Stata Merge
The merge command joins an external dataset to the active dataset.
Usage
1:1
merge 1:1 ID using "external_dataset.dta"
Many-to-One
To merge a lookup table with the active dataset, try:
merge m:1 GROUPVAR using "lookup_table.dta"
Result Variable
The merge command creates a _merge variable specifying the result of the merge on a case-by-case basis. This variable can be renamed by specifying the generate(varname) option.
The result groups are:
- Case is sourced only from the active dataset
- Case is sourced only from the external dataset
- Case matched between datasets, and the external values were set for any variables found only in the external dataset
As with 3, except if possible missing values are updated with any non-missing values from the external dataset
As with 3, except external values overwrite the active dataset wherever possible (i.e. missing values cannot overwrite non-missing values)

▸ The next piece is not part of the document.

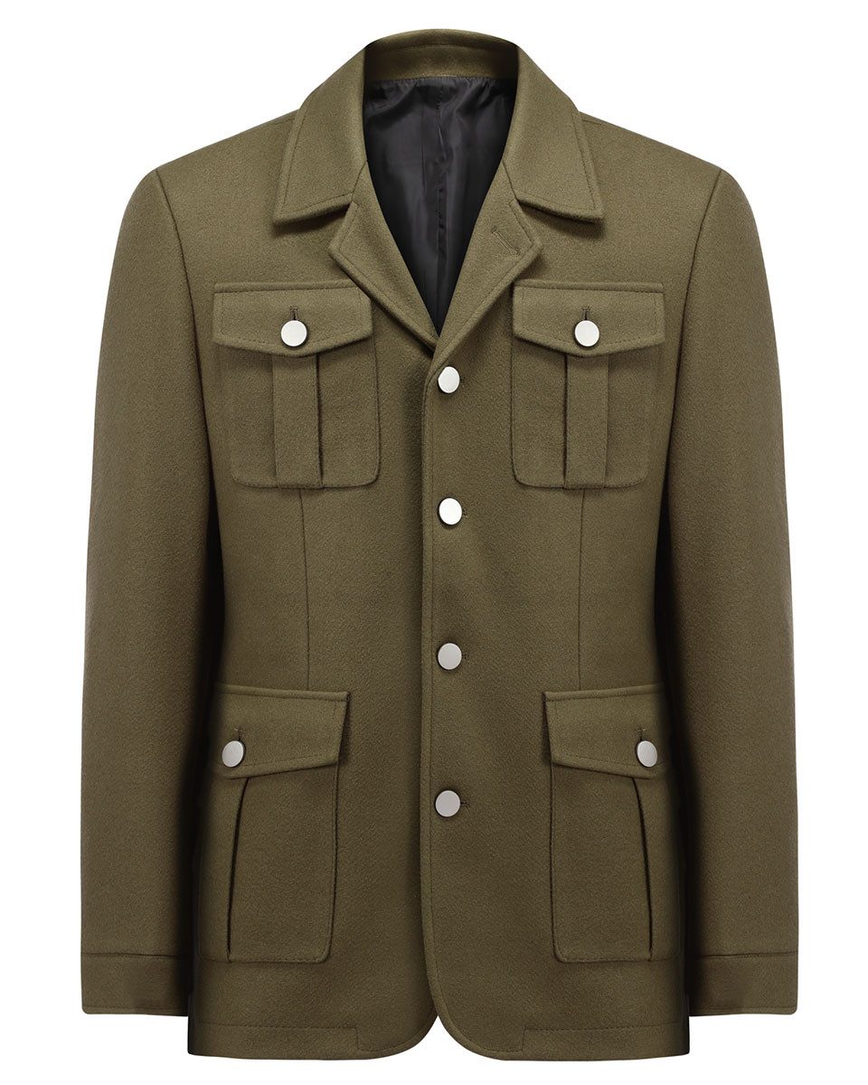Ein markanter Reverskragen betont die schmale Schulterpartie, während der vierteilige Knopfverschluss für strukturierte Optik und sicheren Sitz sorgt. Ärmel mit dezentem Knopfverschluss am Saum und der traditionelle Rückenschlitz unterstreichen die durchdachte Konstruktion.
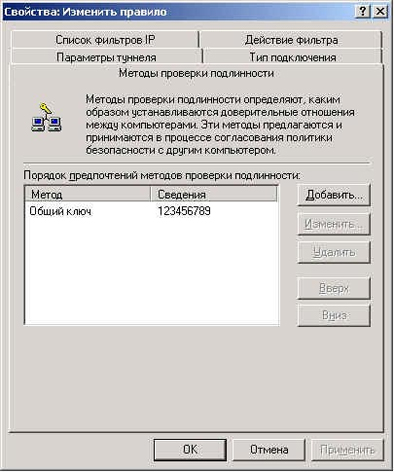 Переходим на закладку Методы проверки подлинности. Добавляем новый метод проверки безопасности. В появившемся окне выбираем Использовать данную строку для защиты обмена ключами и вводим наш секретный ключ '123456789'. ОК. В списке методов предпочтений оставляем только наш созданный ключ остальные удаляем.

4 is only possible if the update option is specified. 5 is only possible if the replace option is specified.
Assert and Keep
The assert(groups) option raises an error if the merge command results in any rows outside of the specified groups. For example, the following command would raise an error if any cases in the external dataset did not match the active dataset.
merge 1:1 ID using "external_dataset.dta", assert(1 3)
The keep(groups) option selects the cases that will be kept after the merge command. merge ..., keep(3) is equivalent to keep if _merge==3.